1 - Basics of NumPy¶

1.1 Packages¶

import numpy as np

1.2 - NumPy arrays¶

# One dimensional array
one_dimensional_arr = np.array([10, 12])
print(one_dimensional_arr)

# print("\n") # creating space between the output
print()
# Two dimensional array
two_dimensional_arr = np.array(
    [
        [10, 20],
        [30, 40]
    ]
)
print(two_dimensional_arr)

#print("\n")
print()

# Create an array with 3 integers, starting from the default integer 0
# np.arange()
arr_of_three = np.arange(3)
print(arr_of_three)

print()

# Create an arry that starts from the integer 1, and ends at 20, incremented by 3
# np.arange()
arr_inc_by_three = np.arange(1, 20, 3)
print(arr_inc_by_three)

print()

# An array with evenly spaced values
# np.linspace()
# Default type for values in the NumPy fun np.linspace() is floating (np.float64)
arr_with_evenSpace = np.linspace(0, 100, 5)
print(arr_with_evenSpace)

print()

# Change the dtype to Integers np.linspace()
arr_linSpace_Int = np.linspace(0, 100, 5, dtype=int)
print(arr_linSpace_Int)

print()
# change dtype to float np.arange()
arr_arange_to_float = np.arange(1, 20, 3, dtype=float)
print(arr_arange_to_float)

[10 12]

[[10 20]
 [30 40]]

[0 1 2]

[ 1  4  7 10 13 16 19]

[  0.  25.  50.  75. 100.]

[  0  25  50  75 100]

[ 1.  4.  7. 10. 13. 16. 19.]

1.3 - More on NumPy arrays¶

np.ones() - Returns a new array setting values to one.
np.zeros() - Returns a new array setting values to zero.
np.empty() - Returns a new uninitialized array.
np.random.rand() - Returns a new array with values chosen at random.

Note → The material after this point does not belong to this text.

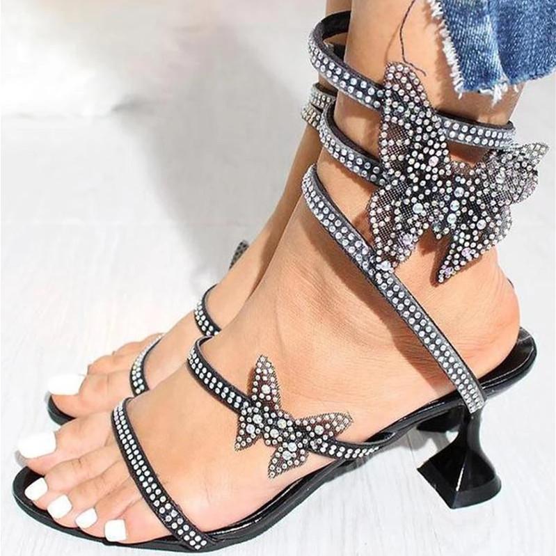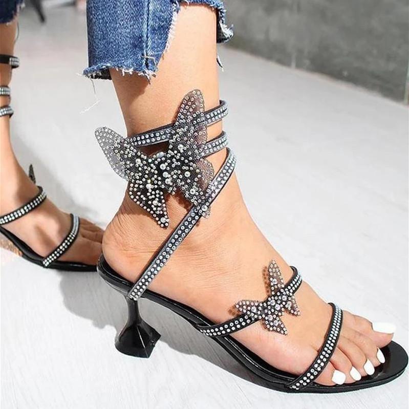 Butterfly Rhinestone Embellished Strappy Slip-on Sandals

# Return a new array of shape 3, filled wirth ones.
import numpy as np
ones_arr = np.ones(3)
print(ones_arr)

print()

# Return a new array of shape 3, filled with zeros
zeros_arr = np.zeros(3)
print(zeros_arr)

print()

# Return a new array of shape 3, with initializing entries
empt_arr = np.empty(3)
print(empt_arr)

print()
# Return a new array of shape 3 with random numbers between 0 and 1
rand_arr = np.random.rand(3)
print(rand_arr)

[1. 1. 1.]

[0. 0. 0.]

[0. 0. 0.]

[0.6462132  0.81140024 0.42673117]

2 - Multidimensional Arrays¶

With NumPy you can also create arrays with more than one dimension. In the above examples, you dealt with 1-D arrays, where you can access their elements using a single index. A multidimensional array has more than one column. Think of a multidimensional array as an excel sheet where each row/column represents a dimension.

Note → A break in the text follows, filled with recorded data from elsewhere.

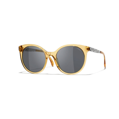 Chanel/香奈儿 22年春夏新款 Pantos系列 女士灰色镜片黄色醋酯纤维与金属镜框太阳眼镜墨镜A71396X06081S8814
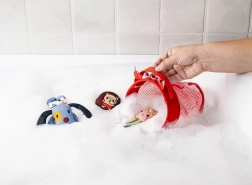 Legetøjet er designet ikke kun til sjov i badet, men også til udvikling af koordination og fantasi hos barnet. Det praktiske håndtag gør det nemt at holde og hænge legetøjet op til let tørring. Efter hver brug anbefaler vi at skylle med rent vand og tørre af. Legetøjet kan maskinvaskes ved 30°C på skånsomt program.
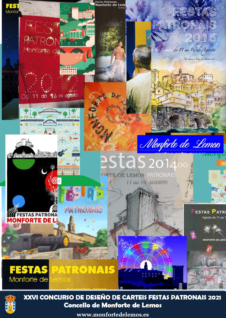 Monforte de Lemos, 23 de febrero de 2021. El Ayuntamiento de Monforte de Lemos convoca el XXVI Concurso de diseño de carteles de las Fiestas Patronales 2021, con el fin de escoger el cartel anunciador para el presente año 2021 de dichas fiestas patronales, “en previsión de que las circunstancias relacionadas con la crisis de la pandemia Covid-19 finalmente nos permitan organizar y celebrar estos festejos tan importantes para nuestra ciudad” subrayó el Alcalde, José Tomé Roca.
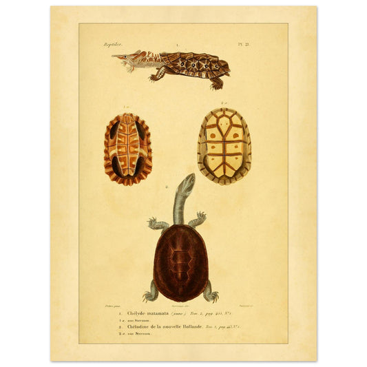 Cette reproduction de planche scientifique présente deux espèces de tortues aquatiques : la Chélyde matamata (1) et la Chélodine de la Nouvelle-Hollande (2). La gravure offre des vues de dessus et de dessous des carapaces, ainsi que des études détaillées de la tête de chaque spécimen, mettant en lumière leurs particularités morphologiques.

2.1 - Finding size, shape and dimension.¶

ndarray.ndim - Stores the number dimensions of the array.
ndarray.shape - Stores the shape of the array. Each number in the tuple denotes the lengths of each corresponding dimension.
ndarray.size - Stores the number of elements in the array.

# Create a 2 dimensional array (d-D)
import numpy as np
two_dim_arr = np.array(
    [
        [1, 2,3 ],
        [4, 5, 6]
    ]
)
print(two_dim_arr)

print()

# An alternative way to create a multidimensional array is by reshaping the 
# 1-D array using 
# np.reshape()

# 1-D array
one_dim_arr = np.array(
    [1, 2, 3, 4, 5, 6, 7, 8, 9]
)
print(one_dim_arr)

print()

# mult dimensional array using np.reshape()
mul_dim_arr = np.reshape(
    one_dim_arr,  # the array to be reshped
    (3, 3) #dimensions of the new array
)
print(mul_dim_arr)

[[1 2 3]
 [4 5 6]]

[1 2 3 4 5 6 7 8 9]

[[1 2 3]
 [4 5 6]
 [7 8 9]]

3 - Array math operations¶

In this section, you will see that NumPy allows you to quickly perform elementwise addition, substraction, multiplication and division for both 1-D and multidimensional arrays. The operations are performed using the math symbol for each ‘+’, ‘-’ and ‘*’. Recall that addition of Python lists works completely differently as it would append the lists, thus making a longer list, in addition, subtraction and multiplication of Python lists do not work.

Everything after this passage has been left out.